Sixty one years after Independence, and in the first decade of the 21st century we find ourselves at an inflexion point, when despite the challenges of the times, we see Young Indians raring to engage themselves towards a new India@75. By 2022, we hold for ourselves a vision of a vibrant innovative youthful India in the forefront of global leadership with its pluralistic, multicultural, inclusive and secular democracy.
To achieve this we have a very young population with immense talent and hunger who wants to make positive choices for action rather than passive responding. Young people want to increasingly get their share of the global pie by forming networks of project implementers. They want to identify strongly with the best global Next Practices. We will see the NextGen set up new social matrices with new fulcrums of thought derived from shared aspirations that will rebalance relationships between business and society.
India will allow equal opportunity to access the vast talent pool through education and skills development. Already we see our youth raring to set up new 21st century processes of our own through doorstep banking and microfinance.
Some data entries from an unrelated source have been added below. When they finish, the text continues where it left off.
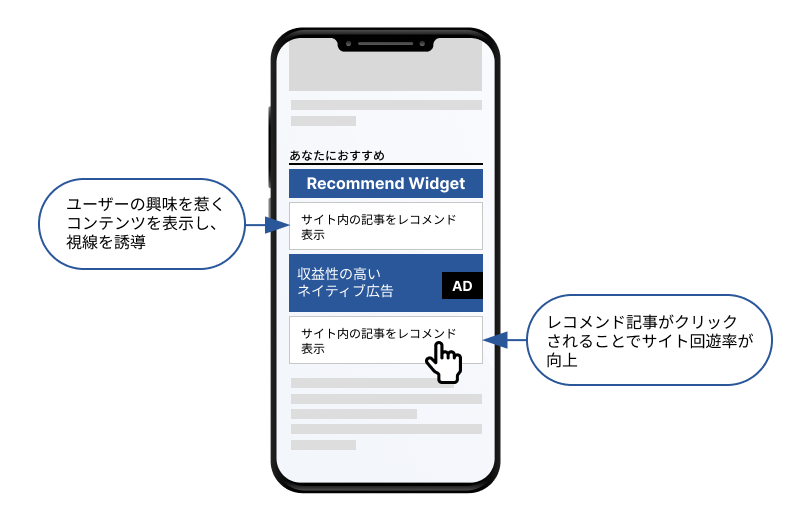ユーザーがより関連性の高いコンテンツに接することで、ウェブサイトの回遊率が向上します。表示されるコンテンツは基本的にサイト内のコンテンツであるため、コンテンツへのクリックが発生することで回遊性が向上します。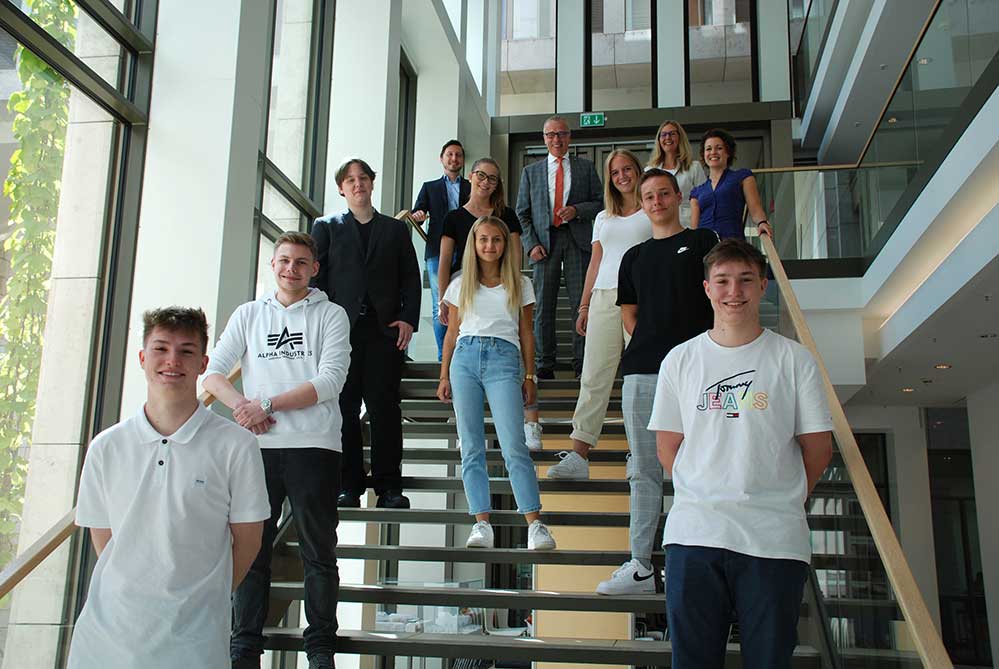 Statt des üblichen Gruppenfotos von allen 350 Azubis gemeinsam gibt es Corona-bedingt nur viele kleine Begrüßungsworkshops in der Bürgerhalle. Foto: Alex Völkel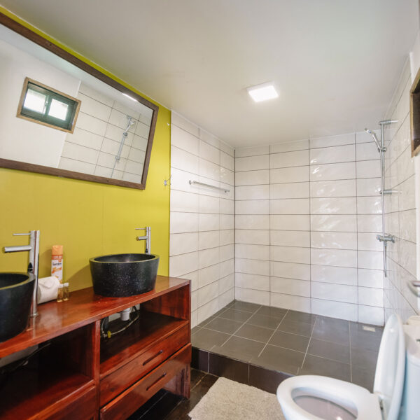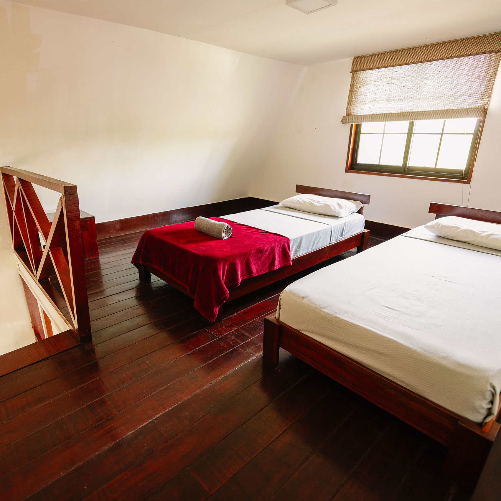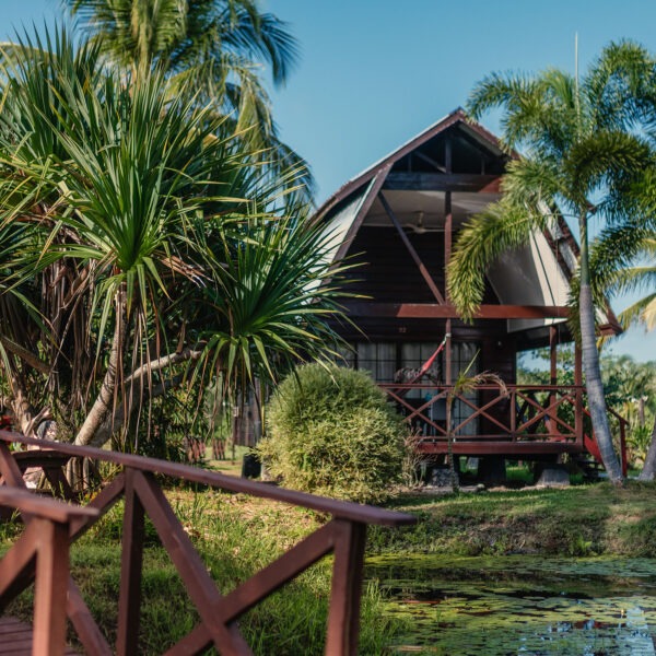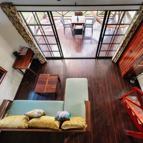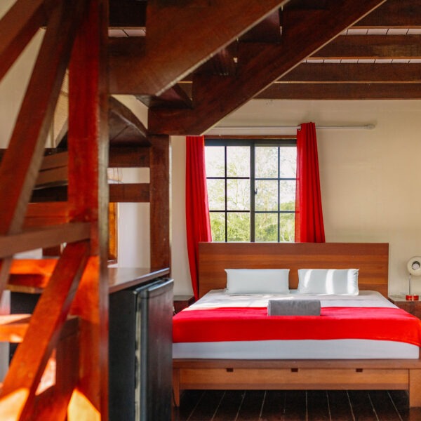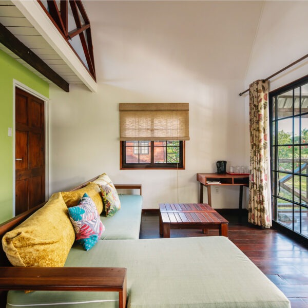 Our large garden cabanas are located in the lush gardens of the grande estate, within walking distance of the pool deck, restaurant and bar. This cabana can accommodate 4 persons and includes a king-sized bed, as well as two single beds. With its large glass doors and spacious open balcony, this lodge gives the ultimate holiday feeling.

Our youth has a new adventurous voice willing to tackle global uncertainties.
The purpose of this 5th Young Indians National Summit- 'WAKE UP India@75: Make your choice NOW' is therefore to reflect, analyze and act on the thinking of young men and women of India who cogitate on the complexities of tomorrow, who see tomorrow, clearly and directly. Professor Dr C K Prahalad, seer and prophet of the business universe, advocates disruptive innovation and making up viable models that spring from local conditions. His Bottom of the Pyramid vision was essentially Indian as also the core competence theory. Both made many companies open their eyes to opportunity and profits anew.
What will be the role of business in the 21st century? We need youthful leadership, authentic and of course inspiring trust and passion equally. Surely the global financial meltdown and the sub-prime crisis is a call to ethical thinking and management. Young people will increasingly need to make businesses participatory; involve people at the bottom of the pyramid so that we make a difference in their lives. We need chief value officers but the new value systems should not be just theories.
As we are realizing now, without a goal post, not just businesses but society and country at large is rudderless with the waters of immense change engulfing it. For the progressive rural farmer or the MBA joining the job stream, planning and extrapolating 20 years hence, is of the essence.
Professor Prahalad also dispenses managerial medicine in the form of clearly spelt out hopes and direction that India should be taking. And it is not in terms of numbers or quarterly reports that his mantra lies. Changing the price performance envelope, using purchasing power parity rather than income as a measure of the human development goal, going in for hi-tech solutions as well as sustainable focused development & governance and reviving the glory of Indian arts, science and sports are his prescriptions. We obviously need Next-gen solutions, disruptive and futuristic and paradigm changing rather than band-aid short term prescriptions.